In addition, two GaN-based blue-violet LDs, i.e. LD1 and LD3, are studied theoretically with LASTIP program (Crosslight Software Inc.). LASTIP is a powerful software for calculating and analyzing the optical and electrical characteristics of LD thermionically by self-consistently solving the Poisson’s equations and the current continuity equations [28], [29]. In fact, LD1 and LD3 are designed based on the structures of LDI and LDIII, respectively. It means that only the UWG layer is different between LD1 and LD3. The UWG layer in LD1 and LD3 is a 93-nm u-GaN layer and a 93-nm u-In0.017Ga0.983N layer, respectively. The thickness and doping level of each layer in these two LD structures are listed in Table 1. Moreover, the cavity length of LD1 and LD3 is set to be 600 μm, and the stimulated wavelength is around 405 nm. In addition, the screening factor in LASTIP calculation is set to be 25%, which means 25% of the theoretical interface charge is taken during calculation [30], [31]. As shown in Figure 3, the refractive indexes of AlGaN and InGaN alloys are estimated in a way similar to what proposed by Laws et al. [32] and Piprek et al. [33], [34].

Table 1:

Structural parameters of LD1 and LD3 for calculation with LASTIP.

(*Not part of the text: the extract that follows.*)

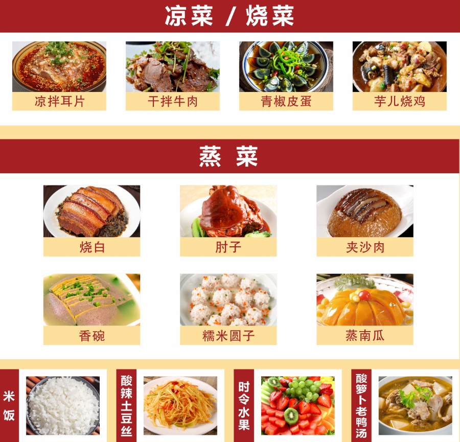 坝坝宴菜单:凉拌耳片、青椒皮蛋、干拌牛肉、芋儿烧鸡、烧白、肘子、夹沙肉、糯米圆子、香碗、蒸南瓜、酸辣土豆丝、酸萝卜老鸭汤、时令水果、米饭。

LayerThicknessDoping (cm−3)
n-GaN substrate1 μm3×1018
n-Al0.08Ga0.92N CL1 μm3×1018
n-GaN LWG120 nm5×1017
MQWIn0.11Ga0.89N Well: 6.0 nmQW: 1×1016
GaN Barrier: 15 nmQW: 5×1017
UWGLD1: 93 nm u-GaN1×1017
LD3: 93 nm In0.017Ga0.983N
p-Al0.15Ga0.85N EBL20 nm5×1019
p-Al0.06Ga0.94N CL600 nm2×1019
Contact layer40 nm1×1020
Figure 3:
Figure 3:

The refractive indexes of AlGaN decrease along with the aluminum increasing, and the refractive indexes of InGaN alloys increase along with the indium increasing.

Estimated refractive indexes of AlGaN (A) and InGaN (B) alloys during calculation.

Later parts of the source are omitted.